OP Flowers Sad You deserved a better teenhood than that.

They were saying that if you're attracted to men, you should only have casual sex. How the fuck is that safer for a woman than being in a consensual relationship?

50% of rapes are by a current or former partner and 80% by someone you know. So only ever shagging strangers is safer than serial monogamy. Counter-intuitive, but true. A third of men think it's not rape if they don't stop if asked once sex has begun. I think back to all the times sex with long-term partners has hurt and I haven't said stop, and been made ill by it, and I realise that it was because I didn't want to have them prove to me that they didn't regard "stop" as a valid option, because then I'd face the heartbreak of LTB. In a one night stand, I don't care about losing him and so I have said and will say "stop, you're hurting me" and will use force to resist if he doesn't. By contrast, women seldom punch or kick those they love.

Sex with men puts my health at risk, and arguably it does for most women. Who takes contraception that quadruples her risk of stroke? She does. Who gets post-coital cystitis? She does. Morning after pill? Abortion?

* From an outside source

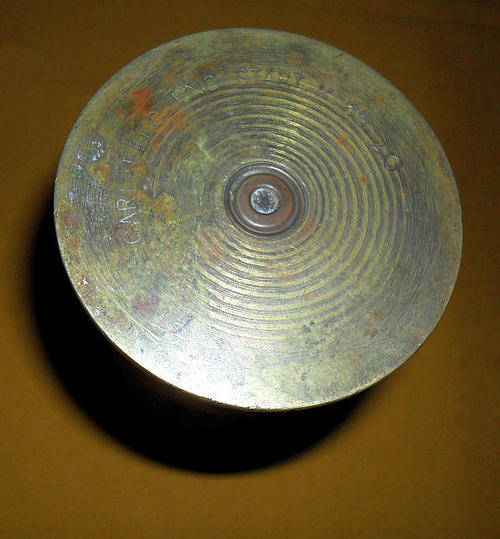 BRASS CARTRIDGE - ENGINE STARTER CARTRIDGE FOR THE SOUTH AFRICAN/RHODESIAN CANBERRA BOMBER/RECON AIRCRAFT . HEIGHT 15,5 CM - STAMP READS 'CAR ENG ELEC ENG START 65' . WEIGHT JUST OVER 500GRAMS. A NICE FIND .

All her problem, whilst some men won't even wear a condom without complaining.

If you consider everything I've just said, it's no surprise that some women take the separatist option, in fact I'm rapidly heading that way myself. The problem is that separatism isn't the magic bullet to end patriarchy. Separatism is a partial escape from patriarchy for individual women (much as transitioning to become a transman is) and won't work for woman as a class. First, if we all refused to have sex with men and have kids, men would force us to, either at a grassroots level through abduction and rape (as seen in India where there is a shortage of women) or by getting the govt to do it for them (as seen in Romania with Decree 770, which is what govts do if they perceive a shortfall in births). Second, most women don't want to be separatist, many want kids (remind me where I'm posting again?) and kids in moderation are needed to perpetuate the species.

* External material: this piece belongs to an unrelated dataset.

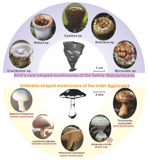 - Kraisitudomsook, N.; Healy, R.A.; Smith, M.E. Molecular systematics and taxonomic overview of the bird’s nest fungi (Nidulariaceae). Fungal Biol. 2021, 125, 693–703. [Google Scholar] [CrossRef]

I would argue that radical feminism needs to centre the needs of mothers, because they can't just go the separatist route, they have kids in tow. The separatists are already in a position of relative safety, we've reduced our rape risk by half and minimised our chances of DV by having no male partner. The women who have kids and live with men need us to fight their corner. Raising children shouldn't be life-threatening, yet many male abusers turn violent for the first time during their victim's pregnancy. We need to look at the roots (this is where "radical" comes from, "radix" meaning "root", we look at root causes not symptoms) of male violence and destroy it. Separatism treats the symptoms of patriarchy for some women but it doesn't get to the root of it for all of us.

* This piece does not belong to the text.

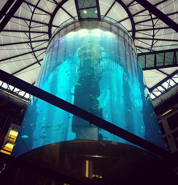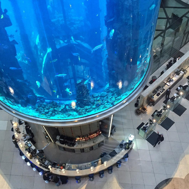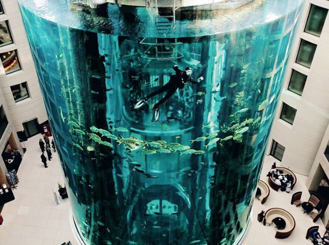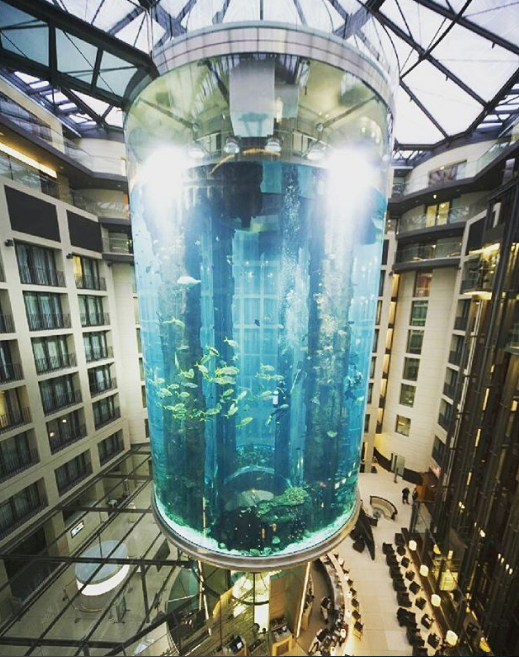 Se trata del AquDom, el acuario cilíndrico independiente más grande del mundo. Contiene un millón de litros de agua de mar y tiene varias especies animales y vegetales dentro del tanque.

dodgeballchamp · 31/07/2019 00:44

In my opinion, honestly, no. I believe marriage is the height of patriarchy. I’m bisexual but I resent the fact I’m attracted to men. I wish I was a 100% lesbian because while some individual males are alright, men as a class are responsible for pretty much everything that’s wrong with the world. The concept of tradition and social expectation is largely arrangements that subjugate women. Until parenting is viewed as 100% equal task (and I don’t even want children) and society is structured not just to benefit men, I don’t believe it’s possible to have a truly equal relationship with a man.